Together, WA and Queensland boast 30% of Australia's population but account for 36% of GDP compared to NSW's 28%, notes CommSec, and rising. The two account for over 60% of all Australian exports and 80% of exports to China. Adding in Gorgon means WA alone accounts for 66% of all new engineering work underway and WA and Queensland combined account for 82%.

Before last decade's resources boom, CPI inflation in Perth and Brisbane usually ran about 0.2-0.3 percentage points below the national average. Just before the GFC, they had hit 0.7 points above.

The resource states are now running in overdrive while NSW in particular is struggling to get out of second gear. This is the “two-speed” economy. The mining boom will push up raw material costs and wages, and thus inflation, only serving to widen the gap between the resource haves and have-nots.

It is a dilemma for the RBA. Even the “normalisation” of interest rates is having an impact on the rest of the economy, before one even considers the extent of pain if the cash rate had to go back to 7%. On the fiscal side of the equation, we await the Henry tax review. But on the monetary side of the equation, perhaps the RBA, as CommSec notes, will be forced to come up with “new policy tools” rather than just blanket rate rises.

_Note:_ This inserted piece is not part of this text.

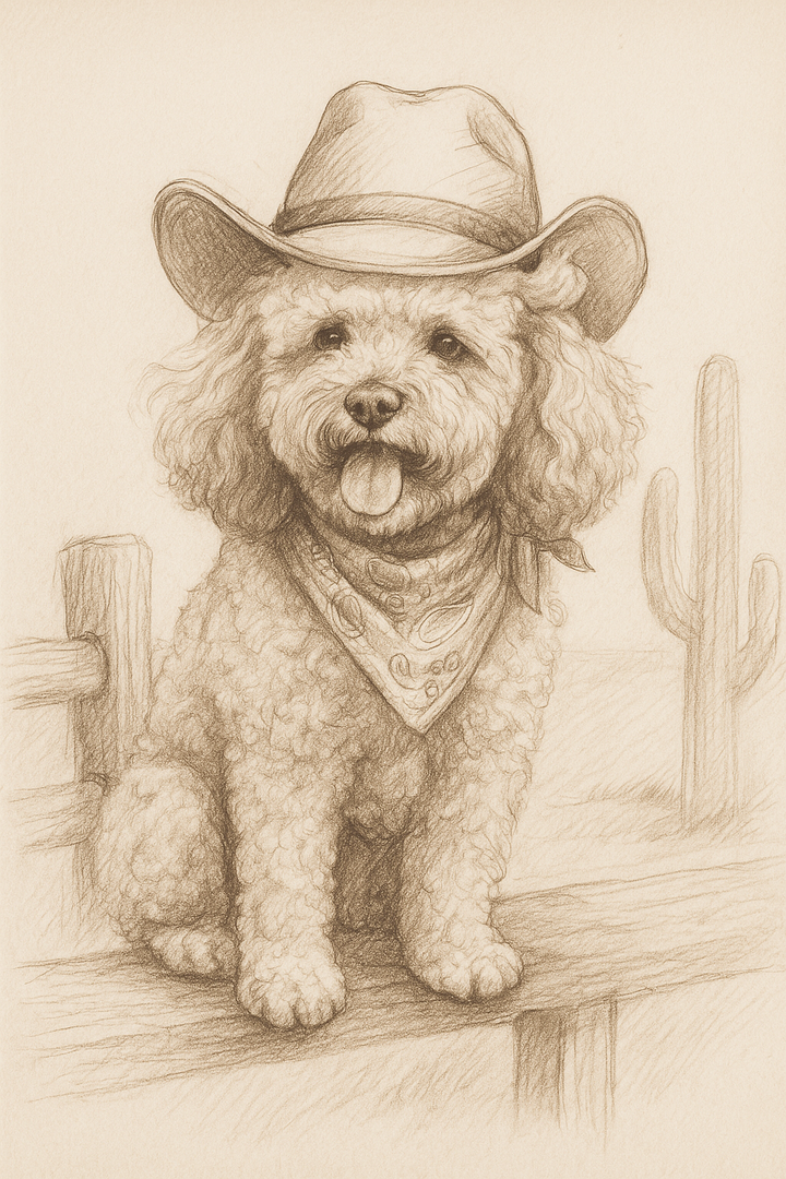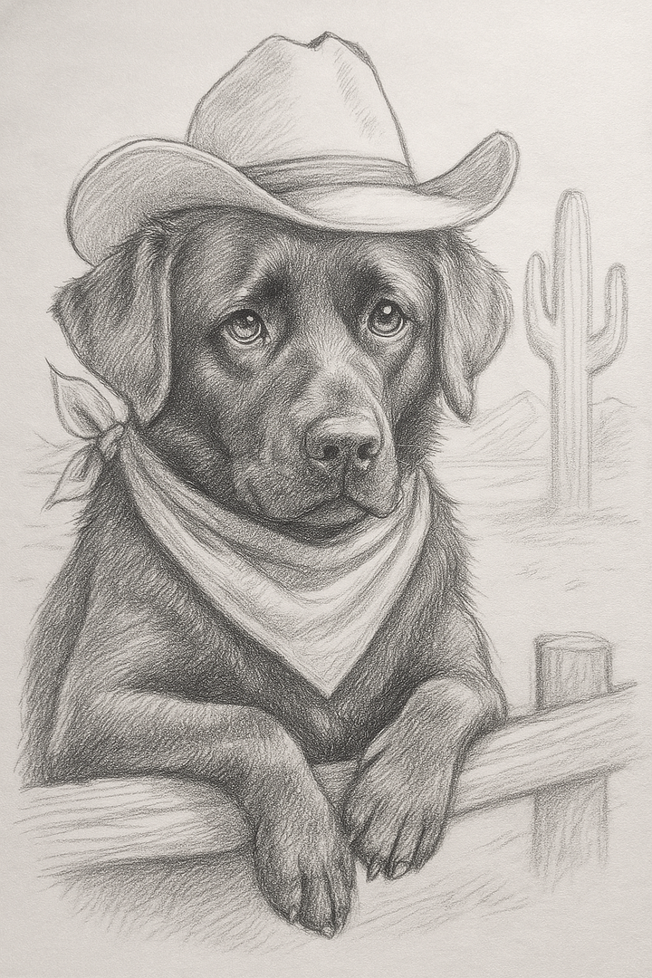Western-style portrait featuring your pet in a cowboy hat or sheriff outfit — rustic, funny, and full of charm.

Despite the record amount of civil construction projects underway at present, and the promise of a long period of growth in China, the fact remains the pace of growth has now tipped into contraction. And the analysts at BIS Shrapnel see the industry suffering a setback in 2010-11, to the tune of a six percentage point decline.

The simple reason is the lag factor. Rome wasn't built in a day and nor are major public or private construction works. The GFC hit in earnest in late 2008 but in 2009 engineering construction still grew by 15% in Australia as projects previously commissioned were ramping up. But what the GFC did affect was a drop-off or a shelving of new plans. With the notable exception of Gorgon, 2009 featured a general decline in private sector commencements along with an easing in government stimulus works, BIS Shrapnel notes.

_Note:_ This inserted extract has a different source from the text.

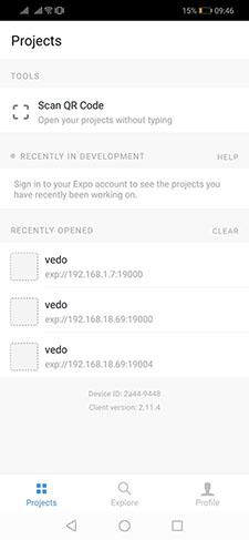 - Chúng ta sử dụng điện thoại vào phần mềm Expo mà mình đã hướng dẫn ở trên cài chọn Scan QR Code quét ảnh ở bên góc bên trái dưới chân màn hình show log như ở hình trên

Growth in the mining and heavy industry, electricity and road sectors dropped away during the second half of 2009. BIS Shrapnel expects real growth in civil construction will slow to 9% in FY10 and decline further in FY11. But thereafter, the lag factor will once again reinstate growth.

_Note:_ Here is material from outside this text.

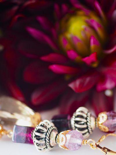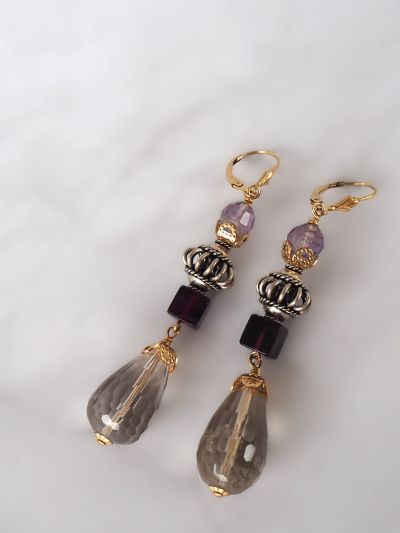 Goldfilled haakjes met amethist, fluoriet en rookkwarts

The next cycle in engineering construction is likely to be a strong one, says BIS, lasting into the second half of the decade. Key drivers will be private investment in mining and energy and public investment in passenger rail and telecommunications. But it will not be quite the “boom” experienced in the last five years. Major expansions will be hit by skills shortages, particularly in rail, mining and marine where specialist skills are required. Rising construction costs will also act as a dampener.